■ What to do:
Reproduce verbatim all of the data given below, but do not carry over the images.
__________________________________________________
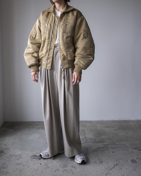 生地にはナイロン素材を使用し、ミリタリーらしい色味がスタイリングに深みを与え、秋冬のコーディネートを格上げしてくれます。軽やかで暖かく、どんな装いにもマッチする万能アウターです。
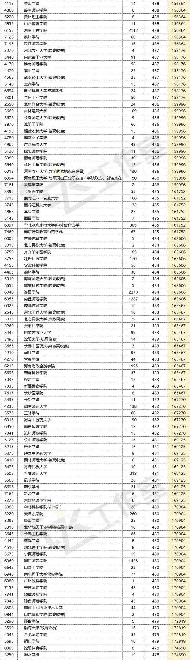 許昌學院、商丘師范學院、安徽科技學院484分、位次163606
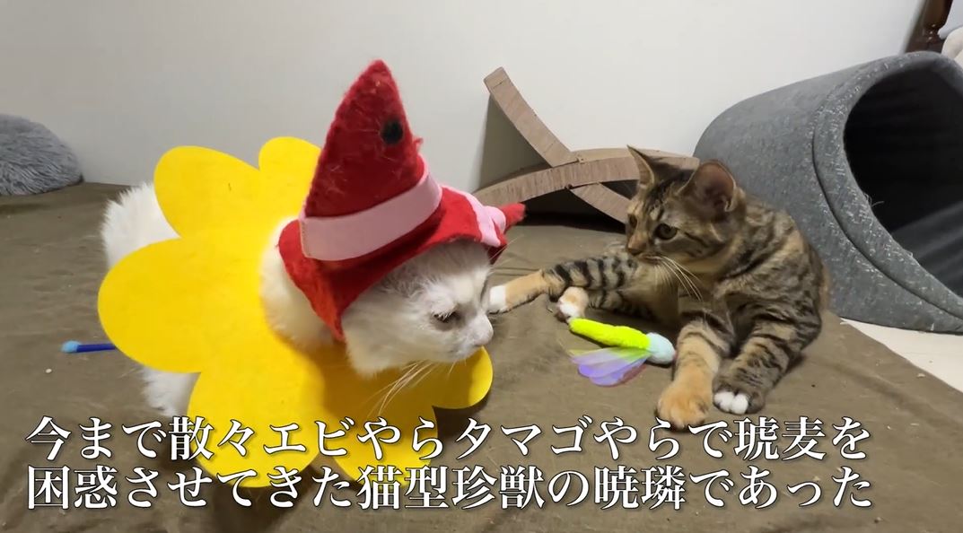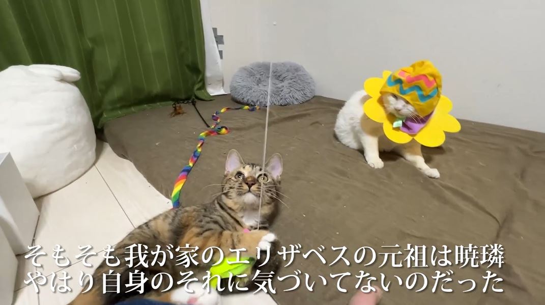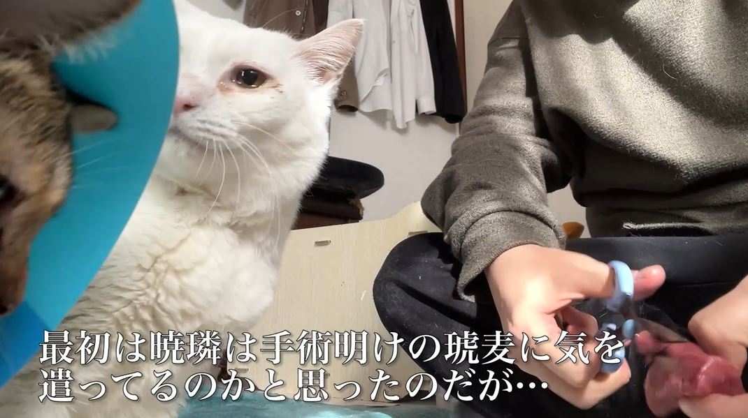 エリザベスカラーどころか被り物でこれまで琥麦ちゃんを戸惑わせてきた曉璘ちゃんなのですが、身に付けるのと見るのは違う様子。
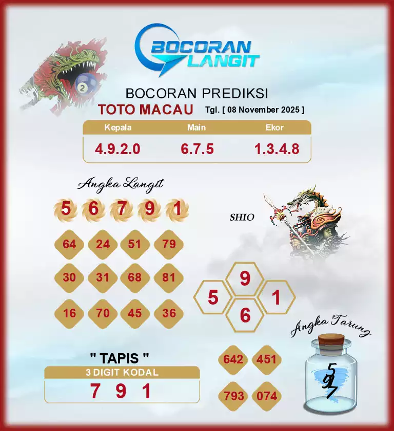 Syair togel Toto Macau adalah kode gambar yang dikeluarkan ke publik untuk menolong pemain judi togel supaya dapat semakin gampang untuk menang di menerka-nerka angka togel. Hal ini dikerjakan untuk dapat memperoleh kode syair togel karena itu pemain dapat segera membuka situs prediksi togel online yang telah disiapkan dengan fasilitas online. Situs Prediksi JOGJATOTO sendiri memiliki beberapa situs prediksi togel yang dibikin oleh beberapa master togel yang telah eksper yang mempunyai mimpi dapat menolong beberapa pencinta togel menang di beli nomor togel.
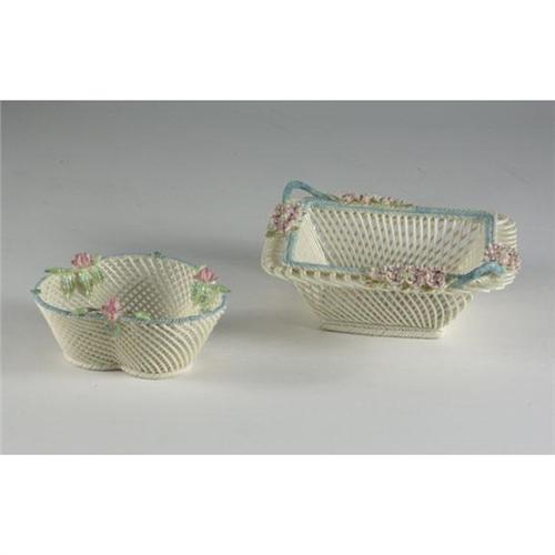 PORCELAIN: Two Beleek Irish porcelain baskets. The first is a polychrome four strand shamrock form basket, applied rose detail, 2'' x 5''. The second is also a polychrome four strand basket with applied floral detail, grated porcelain handles, 2.25'' x 8''. Both have two pad labels on underside to read ''Belleek (R), Co. Fermanagh'' (1955-1979). Flower petal missing to one flower on square basket.
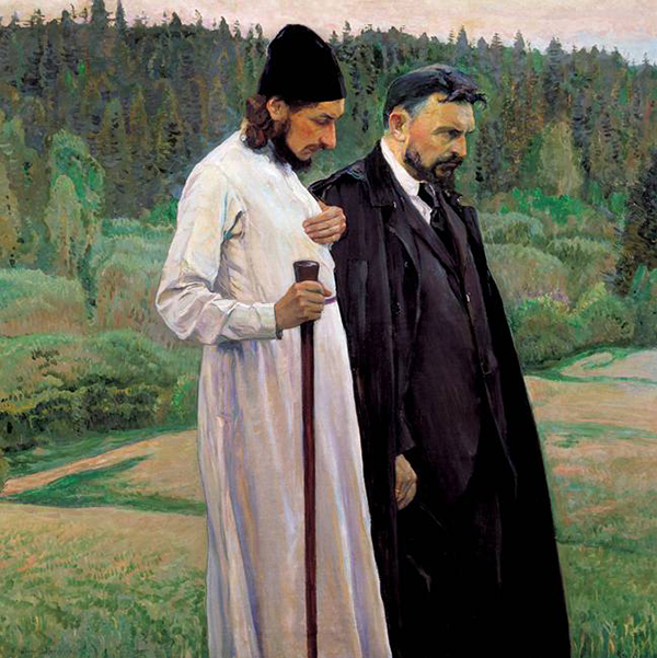 "Philosophen" (Pavel Florenskij und Sergej Bulgakov) von Michail Nesterov (1917); Tretjakovskaja-Galerie, Moskau
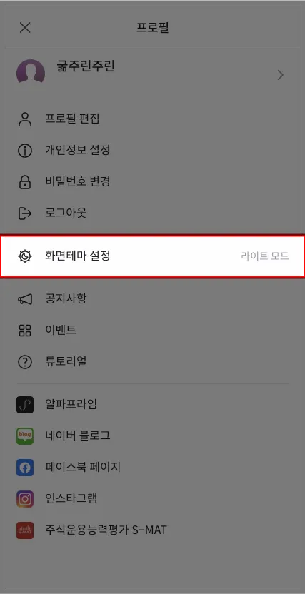 이제 프로필 옵션에 ‘화면테마 설정’이 추가됩니다.
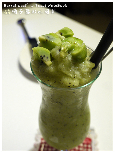 送上來這一杯賣相十足~尤其是一看到上頭的奇異果果塊就讓我大心,不過一喝之後,
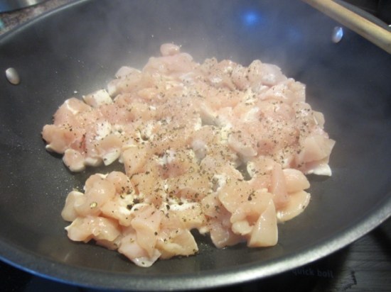 Heat the olive oil in a large pot or skillet over high heat and stir fry the chicken
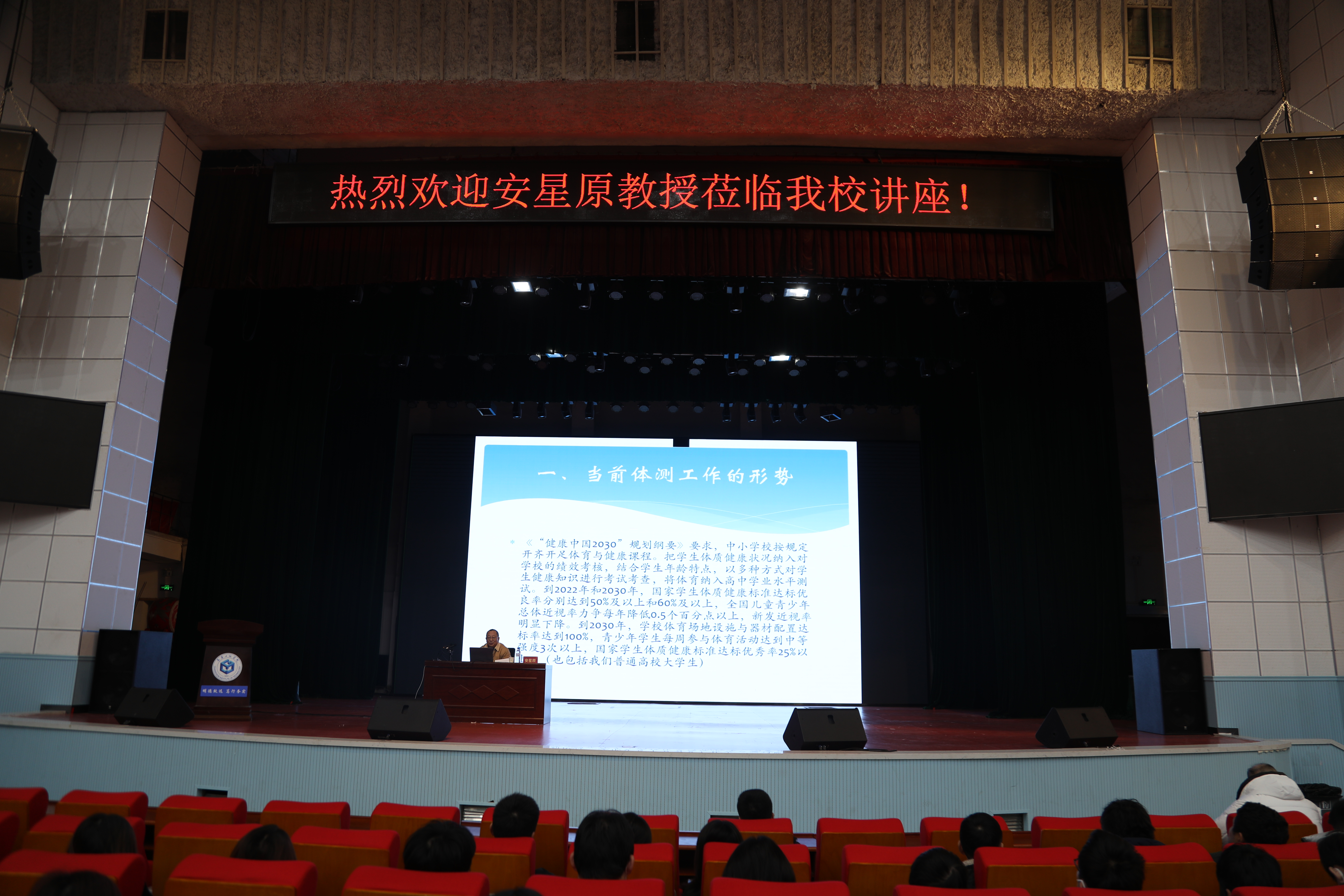 12月4日,《国家学生体质健康标准》测试专题讲座在我校湖西校区大学生活动中心举行。本次讲座邀请2023年教育部学生体质测试复查工作吉林省高校组组长、哈尔滨体育学院安星原教授主讲,旨在落实“五育并举”的教育方针,强化学生体育教育,帮助广大学生和教师更好地理解《国家学生体质健康标准》,为提升学生体质健康水平提供有益的指导和帮助。此次讲座由体育教研部和教务处、学生工作处、校团委联合举办。
__________________________________________________
■ Result of this exercise:
 生地にはナイロン素材を使用し、ミリタリーらしい色味がスタイリングに深みを与え、秋冬のコーディネートを格上げしてくれます。軽やかで暖かく、どんな装いにもマッチする万能アウターです。
 許昌學院、商丘師范學院、安徽科技學院484分、位次163606
 エリザベスカラーどころか被り物でこれまで琥麦ちゃんを戸惑わせてきた曉璘ちゃんなのですが、身に付けるのと見るのは違う様子。
 Syair togel Toto Macau adalah kode gambar yang dikeluarkan ke publik untuk menolong pemain judi togel supaya dapat semakin gampang untuk menang di menerka-nerka angka togel. Hal ini dikerjakan untuk dapat memperoleh kode syair togel karena itu pemain dapat segera membuka situs prediksi togel online yang telah disiapkan dengan fasilitas online. Situs Prediksi JOGJATOTO sendiri memiliki beberapa situs prediksi togel yang dibikin oleh beberapa master togel yang telah eksper yang mempunyai mimpi dapat menolong beberapa pencinta togel menang di beli nomor togel.
 PORCELAIN: Two Beleek Irish porcelain baskets. The first is a polychrome four strand shamrock form basket, applied rose detail, 2'' x 5''. The second is also a polychrome four strand basket with applied floral detail, grated porcelain handles, 2.25'' x 8''. Both have two pad labels on underside to read ''Belleek (R), Co. Fermanagh'' (1955-1979). Flower petal missing to one flower on square basket.
 "Philosophen" (Pavel Florenskij und Sergej Bulgakov) von Michail Nesterov (1917); Tretjakovskaja-Galerie, Moskau
 이제 프로필 옵션에 ‘화면테마 설정’이 추가됩니다.
 送上來這一杯賣相十足~尤其是一看到上頭的奇異果果塊就讓我大心,不過一喝之後,
 Heat the olive oil in a large pot or skillet over high heat and stir fry the chicken
 12月4日,《国家学生体质健康标准》测试专题讲座在我校湖西校区大学生活动中心举行。本次讲座邀请2023年教育部学生体质测试复查工作吉林省高校组组长、哈尔滨体育学院安星原教授主讲,旨在落实“五育并举”的教育方针,强化学生体育教育,帮助广大学生和教师更好地理解《国家学生体质健康标准》,为提升学生体质健康水平提供有益的指导和帮助。此次讲座由体育教研部和教务处、学生工作处、校团委联合举办。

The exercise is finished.